Report: Barrett Helped Bush Steal 2000 Election By Defending Ballot Fraud


Amy Coney Barrett worked for Republicans on the Florida recount in Bush v. Gore in 2000.

President Donald Trump is hoping to have Supreme Court nominee Amy Coney Barrett confirmed prior to the November election because he believes the nation’s highest court will end up ruling on ballot disputes.

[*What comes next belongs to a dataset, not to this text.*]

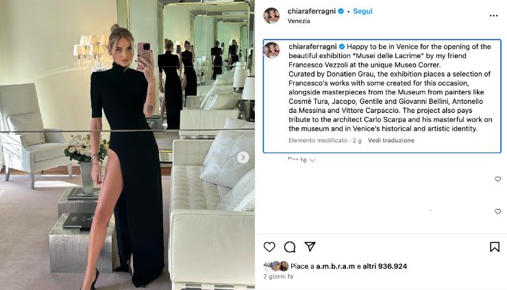 L’influencer più famosa è tornata, anche se posta storie di rado. Una di queste ha fatto parlare molto di sé per un dettaglio che ha conquistato soprattutto il pubblico femminile. L’influencer si è mostrata davanti allo specchio, non quello dell’attico di City Life a Milano ma di un hotel di lusso. Poi ha girato Venezia per l’esibizione “Musei delle Lacrime” di un suo amico Francesco Vezzoli, nel Museo Correr, come ha specificato lei sui social.

  • Mother Jones noted that Trump made this clear during the first presidential debate, saying, “I’m counting on them to look at the ballots, definitely.”
  • And last month, the president said on the matter, “I think this will end up in the Supreme Court. And I think it’s very important that we have nine justices.”
  • If Barrett is confirmed prior to the election, Mother Jones reported, she will be the third sitting justice who was involved with a similar situation in 2000, when the decision in Bush v. Gore landed President George W. Bush in the White House.
  • Mother Jones reports,

Given Trump’s slide in the polls, a replay of 2000’s Bush v. Gore debacle could be the only way he wins. It’s not hard to imagine the court once again installing a Republican president; indeed, a number of conservative justices are steeped in this history. Justices John Roberts and Brett Kavanaugh worked on George W. Bush’s legal team during the 2000 Florida recount and successfully intervened to stop Democratic ballots from being counted. If confirmed, Barrett would be a third justice who worked for Republicans during the Florida recount, increasing the likelihood that the court, with a 6-3 conservative majority, would side with Trump in a post-election dispute, even if the facts and the law aren’t on the president’s side.

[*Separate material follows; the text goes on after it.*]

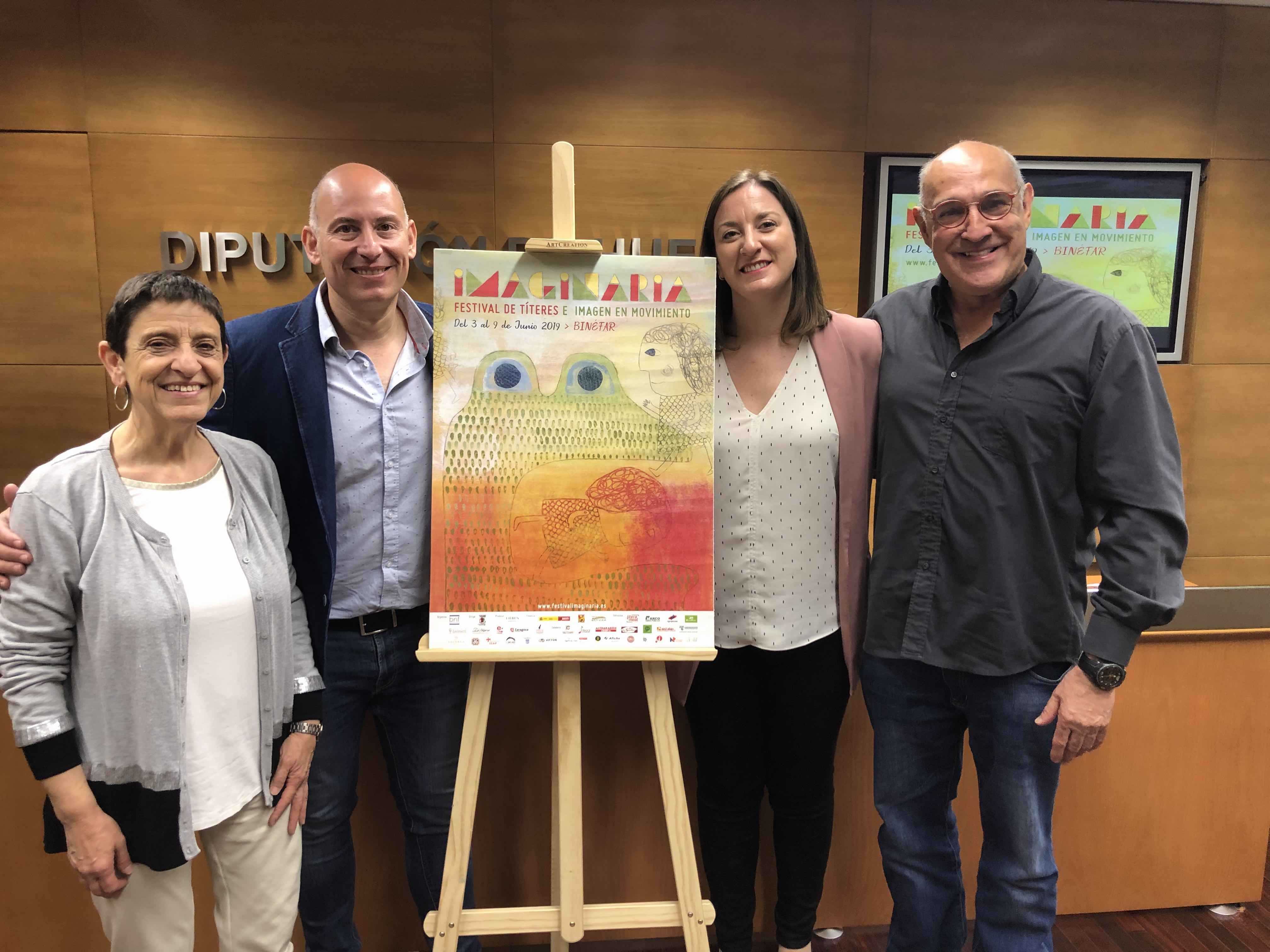 Demostrar que los espectáculos de animación no tienen edad y atraer a los jóvenes y al público adulto son los retos que se marca Imaginaria, el Festival de Títeres e Imagen en Movimiento cuya séptima edición se celebra en Binéfar del 3 al 9 de junio, organizado por el Ayuntamiento binefarense, en colaboración con entidades como la Diputación Provincial de Huesca (DPH) y Ministerio de Cultura, entre otras entidades y empresas de la zona. A lo largo de esos días, las plazas, calles y diversos escenarios de Binéfar esperan recibir en torno a 10.000 visitantes que asistirán a los 40 espectáculos programados por la dirección artística del festival - Los Titiriteros de Binéfar, en colaboración con Lieben producciones - de diversas artes escénicas: títeres, pasacalles, música, proyección de cortometraje, exposiciones, conferencias, teatro, danza, magia, … Todo ello se presenta este año bajo un cartel diseñado por la ilustradora Rosa May, y que ha sido donado al Ayuntamiento.

On her questionnaire for the Senate Judiciary Committee, Barrett said she “provided research and briefing assistance” on Bush v. Gore as a young associate with Miller, Cassidy, Larroca & Lewin. (The firm later merged with Baker Botts, run by longtime GOP powerbroker James Baker, who oversaw the recount for Bush.) “I worked on the case on location in Florida for about a week at the outset of the litigation,” she wrote.

  • Further Barrett reportedly worked on two lesser known but nonetheless pivotal cases as well, which involved “mail ballots that were disputed by Democrats because of evidence that Republican operatives had altered incomplete absentee ballot request forms,” Mother Jones reported.

After the election, Democrats sued and sought to invalidate all 25,000 absentee ballots cast in the two Bush-friendly counties because they weren’t able to track which request forms had been changed. “These people were not entitled to ballots based on their applications,” says Edward Stafman, a lawyer who filed the legal challenge. “They only got them because they were Republicans.”

If the ballots had been thrown out, Al Gore would have easily overcome his 537-vote deficit to Bush. “This was 25,000 votes,” says Daryl Bristow, a lawyer from Baker Botts in Houston who represented the Bush-Cheney campaign in the two counties. “If we had lost those cases, we would’ve lost the presidency.”

  • Bristow said he recalled Barrett working on the cases, saying “she was probably doing briefing work with regard to the various motions we were filing and legal arguments we were making.”
  • Mother Jones concluded:

A 6-3 conservative majority with Barrett on the court could be a disaster for voting rights, potentially killing what’s left of the Voting Rights Act, upholding even more extreme gerrymandering, and giving a green light to virtually any effort by Republicans to make it harder to vote.

And if Barrett’s past work in Florida is any indication, she may be inclined to side with GOP interests in any dispute over how ballots should be counted, no matter what the law—or the GOP’s past support for voting by mail—has to say.